MATERIAL SUPPLIED:
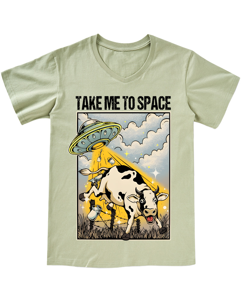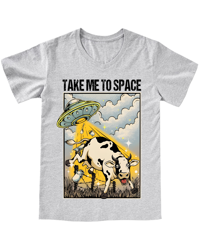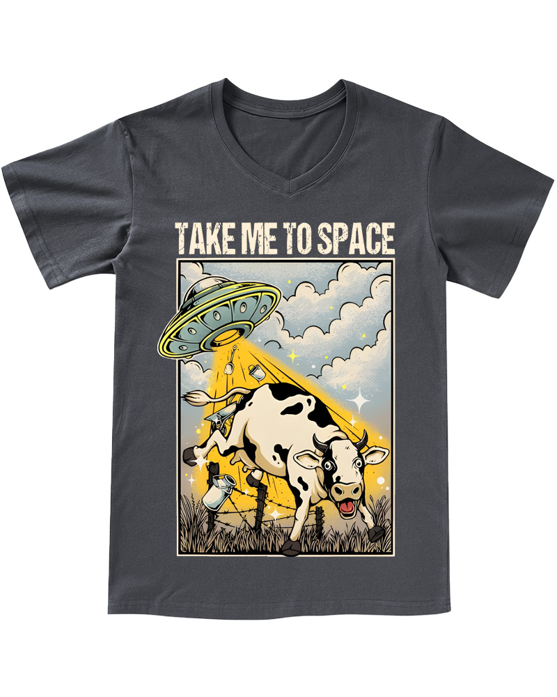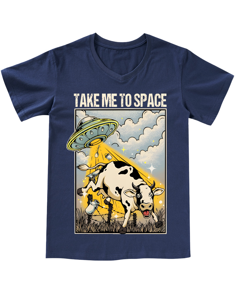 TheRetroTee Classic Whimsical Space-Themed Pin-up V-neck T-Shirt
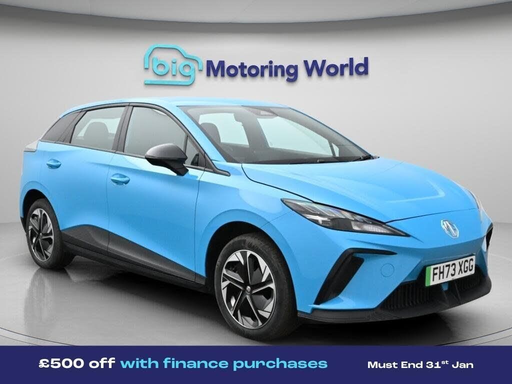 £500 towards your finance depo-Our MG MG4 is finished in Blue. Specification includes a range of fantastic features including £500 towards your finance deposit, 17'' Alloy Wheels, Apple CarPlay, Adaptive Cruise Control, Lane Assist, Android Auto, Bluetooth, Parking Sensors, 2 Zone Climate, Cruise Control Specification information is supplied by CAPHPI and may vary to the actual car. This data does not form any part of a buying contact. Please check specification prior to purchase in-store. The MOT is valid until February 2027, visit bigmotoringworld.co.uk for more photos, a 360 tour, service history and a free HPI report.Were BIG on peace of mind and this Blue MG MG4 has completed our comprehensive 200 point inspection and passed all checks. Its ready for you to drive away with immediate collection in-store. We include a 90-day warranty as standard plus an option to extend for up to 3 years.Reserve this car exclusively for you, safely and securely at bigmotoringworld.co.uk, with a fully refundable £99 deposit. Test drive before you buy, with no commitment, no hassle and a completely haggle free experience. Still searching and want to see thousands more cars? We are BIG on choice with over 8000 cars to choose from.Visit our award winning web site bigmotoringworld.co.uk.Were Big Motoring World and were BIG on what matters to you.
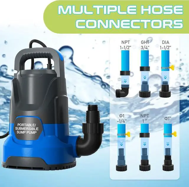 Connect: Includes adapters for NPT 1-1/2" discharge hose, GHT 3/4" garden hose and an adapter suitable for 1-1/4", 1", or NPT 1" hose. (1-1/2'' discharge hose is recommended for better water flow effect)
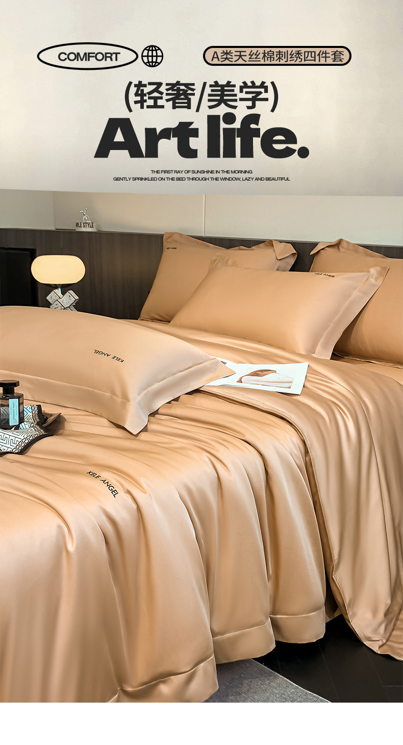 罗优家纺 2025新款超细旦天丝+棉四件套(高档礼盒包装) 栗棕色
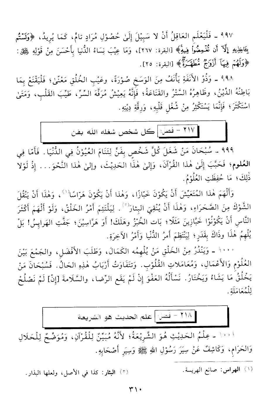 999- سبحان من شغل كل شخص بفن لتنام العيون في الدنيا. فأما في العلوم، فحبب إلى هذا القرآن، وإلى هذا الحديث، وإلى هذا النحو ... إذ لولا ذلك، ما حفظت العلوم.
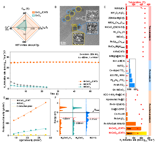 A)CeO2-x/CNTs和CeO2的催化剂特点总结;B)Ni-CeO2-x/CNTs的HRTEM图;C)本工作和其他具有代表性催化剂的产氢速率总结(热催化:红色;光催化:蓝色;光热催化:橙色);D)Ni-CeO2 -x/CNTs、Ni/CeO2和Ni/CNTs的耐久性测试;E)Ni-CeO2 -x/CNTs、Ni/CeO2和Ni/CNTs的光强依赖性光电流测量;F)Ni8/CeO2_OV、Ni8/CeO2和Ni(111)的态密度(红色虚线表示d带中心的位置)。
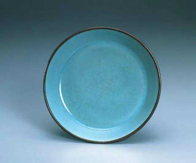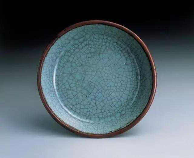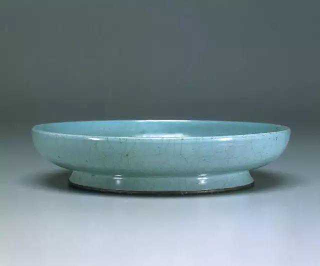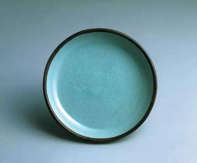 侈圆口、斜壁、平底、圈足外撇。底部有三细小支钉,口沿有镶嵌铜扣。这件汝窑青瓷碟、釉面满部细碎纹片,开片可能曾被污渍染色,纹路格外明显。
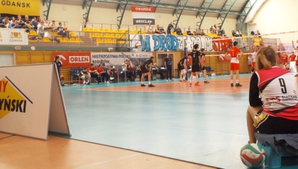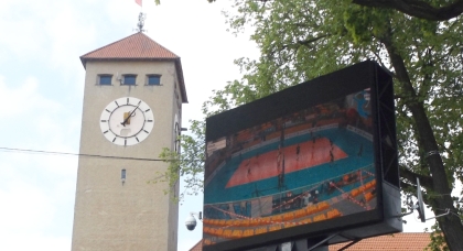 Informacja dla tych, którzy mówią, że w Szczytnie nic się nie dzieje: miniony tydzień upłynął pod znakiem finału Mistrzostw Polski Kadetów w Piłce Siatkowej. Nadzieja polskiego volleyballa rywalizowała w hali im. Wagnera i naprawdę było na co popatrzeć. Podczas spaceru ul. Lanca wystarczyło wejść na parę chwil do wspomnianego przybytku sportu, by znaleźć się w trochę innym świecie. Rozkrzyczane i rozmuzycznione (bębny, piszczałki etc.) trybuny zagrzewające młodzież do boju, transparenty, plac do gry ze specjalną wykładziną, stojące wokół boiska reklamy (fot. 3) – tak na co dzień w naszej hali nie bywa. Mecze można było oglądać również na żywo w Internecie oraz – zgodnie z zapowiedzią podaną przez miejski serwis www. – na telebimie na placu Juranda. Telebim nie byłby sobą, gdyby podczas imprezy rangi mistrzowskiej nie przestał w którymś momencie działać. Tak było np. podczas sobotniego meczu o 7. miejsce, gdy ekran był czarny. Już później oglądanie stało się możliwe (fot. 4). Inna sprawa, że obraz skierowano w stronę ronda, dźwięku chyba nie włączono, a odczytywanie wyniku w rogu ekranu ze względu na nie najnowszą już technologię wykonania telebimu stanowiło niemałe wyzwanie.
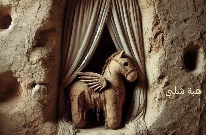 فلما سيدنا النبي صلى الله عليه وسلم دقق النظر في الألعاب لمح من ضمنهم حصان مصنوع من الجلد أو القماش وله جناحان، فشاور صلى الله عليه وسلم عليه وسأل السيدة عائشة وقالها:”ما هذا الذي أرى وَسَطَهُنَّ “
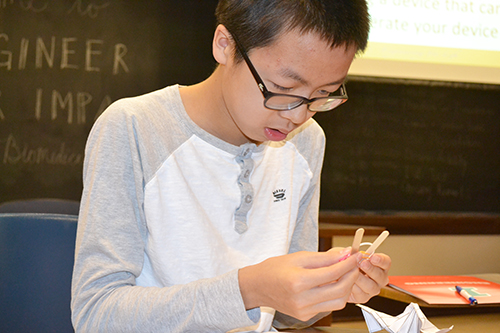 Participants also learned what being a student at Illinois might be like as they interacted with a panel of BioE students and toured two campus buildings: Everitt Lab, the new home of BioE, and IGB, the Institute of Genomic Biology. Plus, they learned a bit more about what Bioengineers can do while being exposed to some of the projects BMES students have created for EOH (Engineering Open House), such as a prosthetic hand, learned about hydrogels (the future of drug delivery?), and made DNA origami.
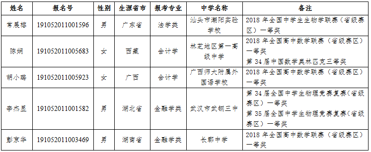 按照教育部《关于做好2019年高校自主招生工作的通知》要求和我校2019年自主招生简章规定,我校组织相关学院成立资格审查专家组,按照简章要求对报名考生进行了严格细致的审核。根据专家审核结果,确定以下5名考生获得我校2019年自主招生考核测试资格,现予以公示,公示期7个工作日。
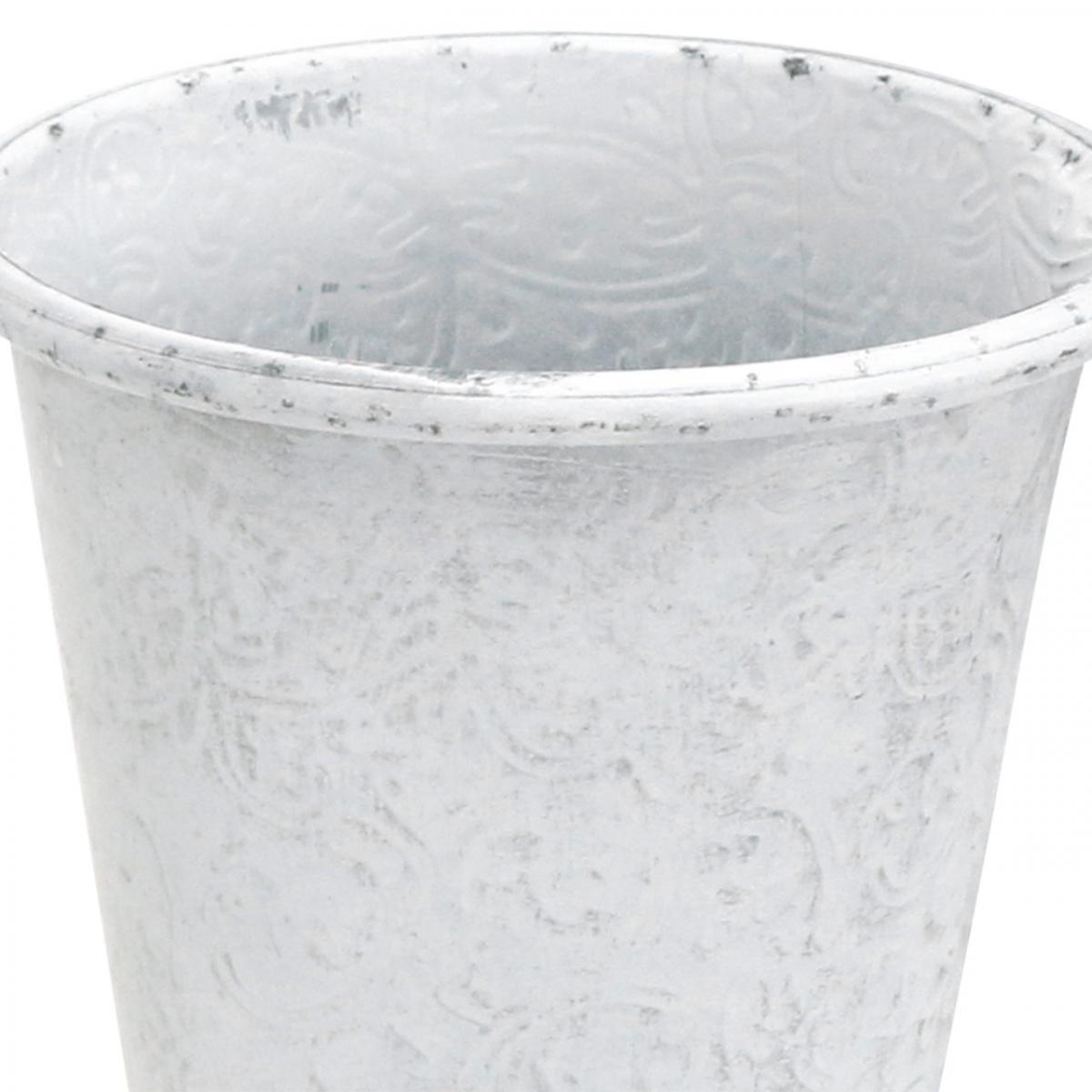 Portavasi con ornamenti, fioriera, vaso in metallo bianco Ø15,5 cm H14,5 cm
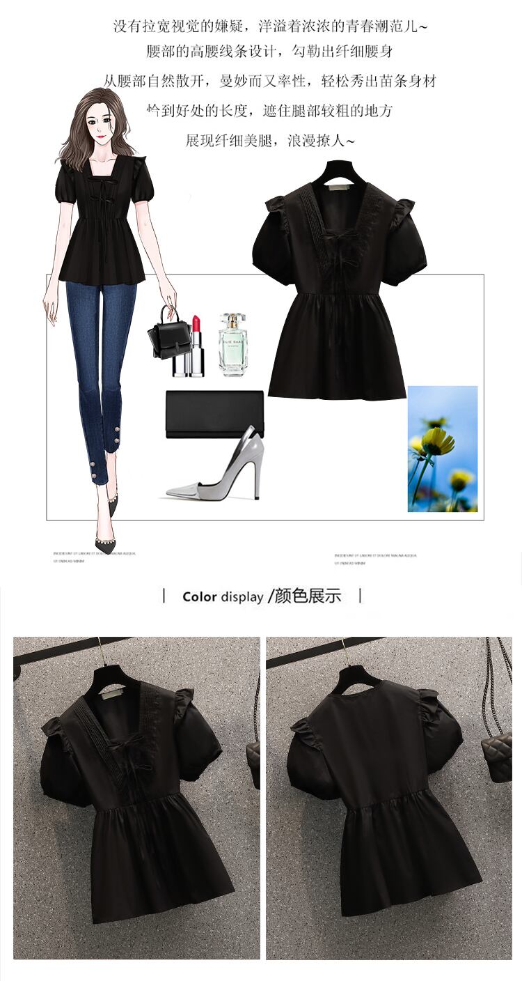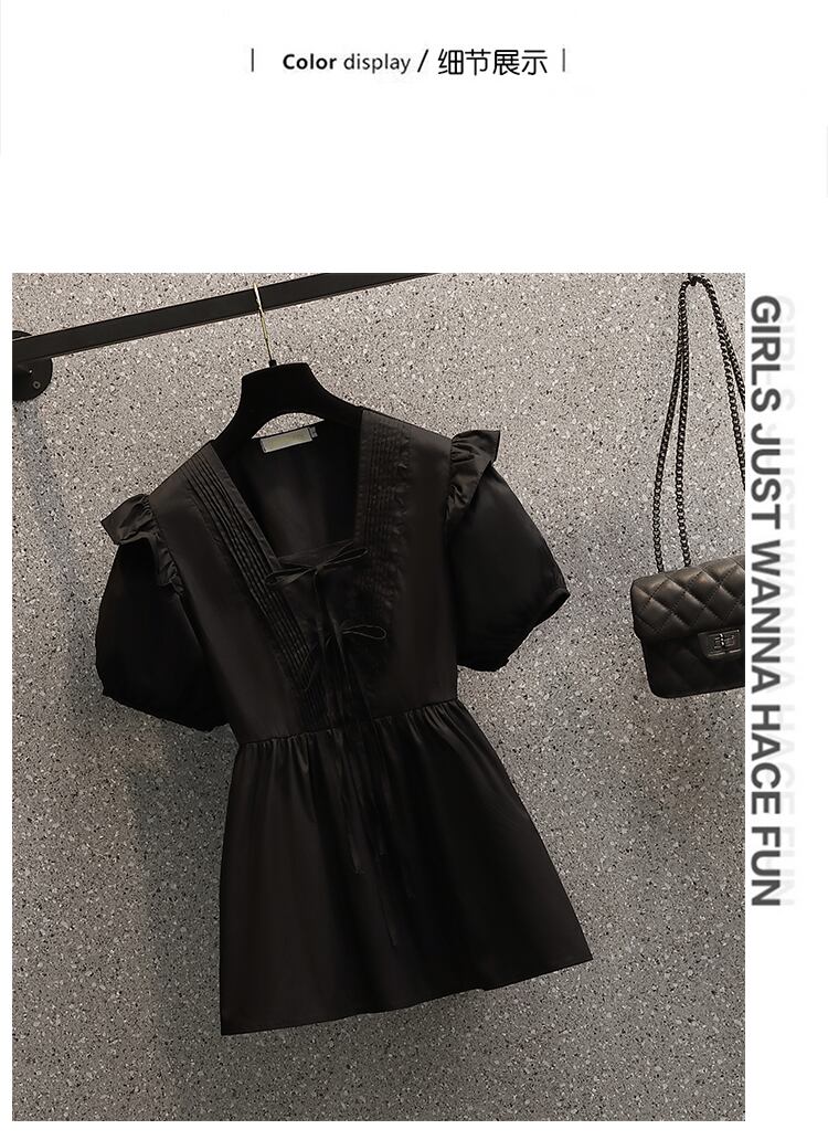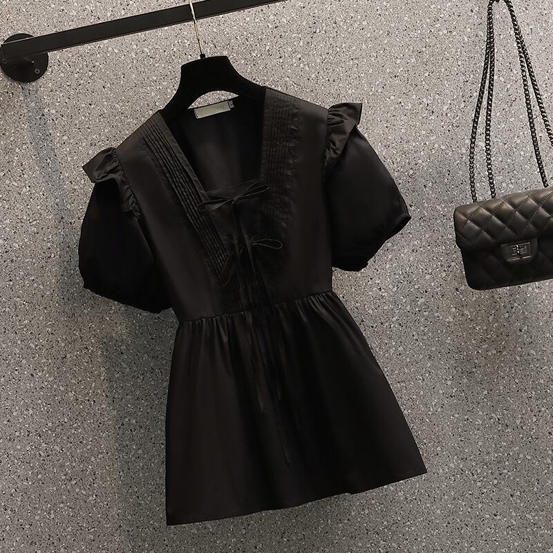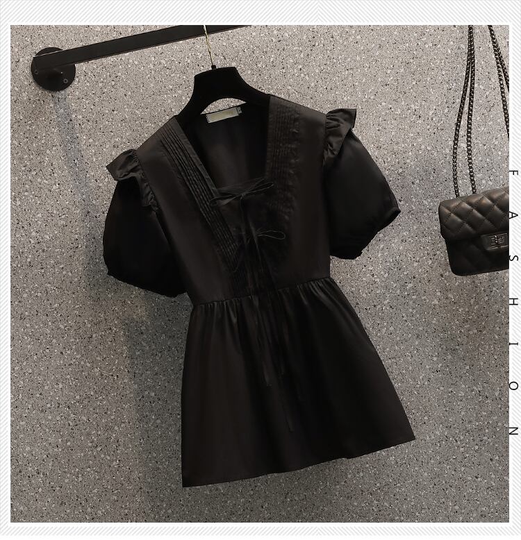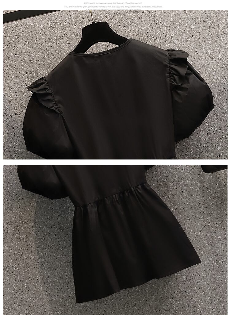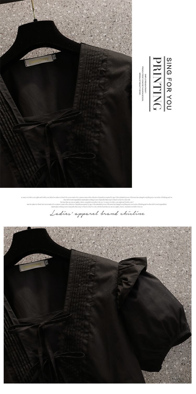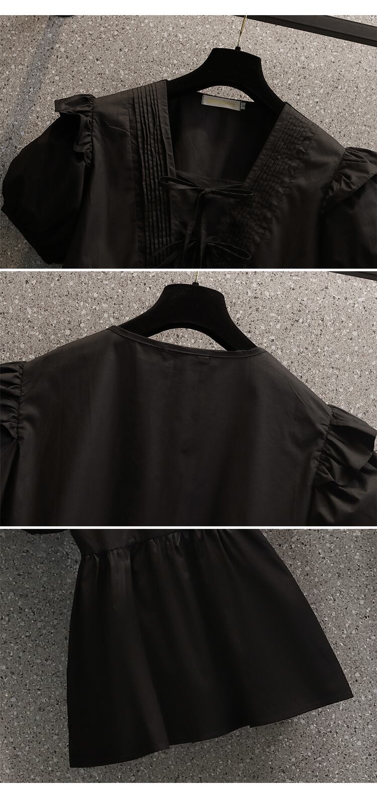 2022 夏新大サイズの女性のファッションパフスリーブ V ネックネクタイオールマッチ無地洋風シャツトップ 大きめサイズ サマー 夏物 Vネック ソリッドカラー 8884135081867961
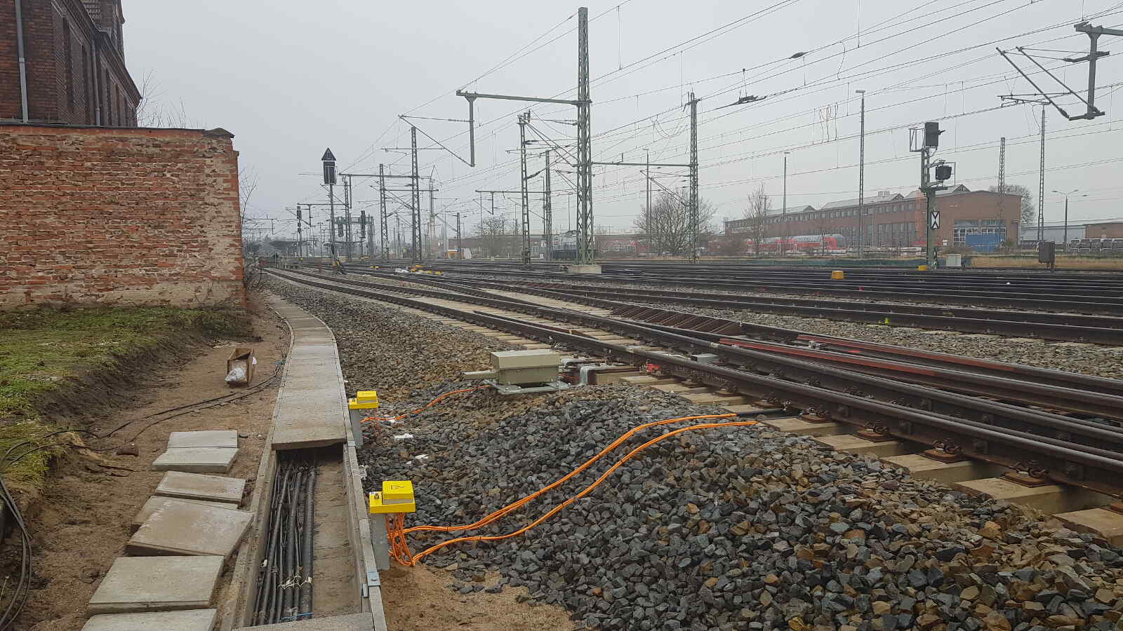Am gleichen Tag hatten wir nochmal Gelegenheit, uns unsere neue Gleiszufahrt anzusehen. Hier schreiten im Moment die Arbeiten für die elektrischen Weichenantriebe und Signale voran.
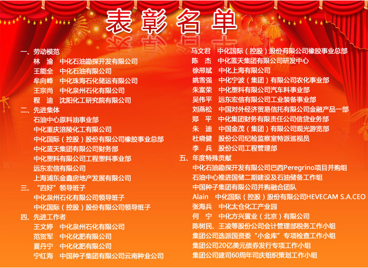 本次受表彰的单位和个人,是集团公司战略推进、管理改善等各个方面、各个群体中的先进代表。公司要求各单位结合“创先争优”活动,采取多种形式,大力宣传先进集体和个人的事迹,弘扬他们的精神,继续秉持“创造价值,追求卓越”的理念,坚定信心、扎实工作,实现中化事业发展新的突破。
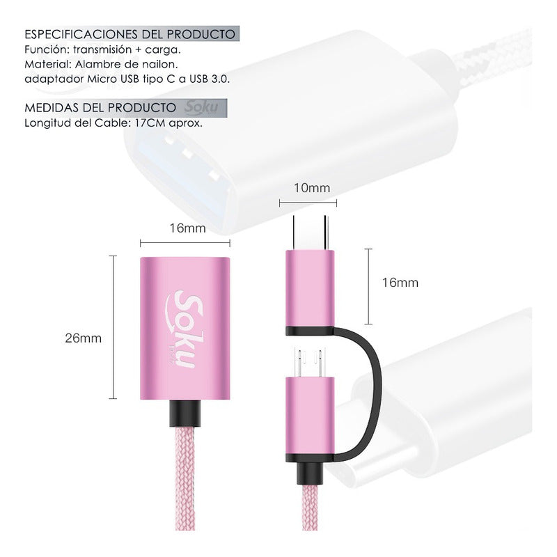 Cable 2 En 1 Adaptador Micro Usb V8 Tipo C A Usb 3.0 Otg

REQUIRED ACTION: Word for word, restate the lines above from the one with "Portavasi con ornamenti, fioriera, vaso" through the one with "Am gleichen Tag", keeping both ends and dropping the pictures.

OUTPUT OF THE EXERCISE:
 Portavasi con ornamenti, fioriera, vaso in metallo bianco Ø15,5 cm H14,5 cm
 2022 夏新大サイズの女性のファッションパフスリーブ V ネックネクタイオールマッチ無地洋風シャツトップ 大きめサイズ サマー 夏物 Vネック ソリッドカラー 8884135081867961
Am gleichen Tag hatten wir nochmal Gelegenheit, uns unsere neue Gleiszufahrt anzusehen. Hier schreiten im Moment die Arbeiten für die elektrischen Weichenantriebe und Signale voran.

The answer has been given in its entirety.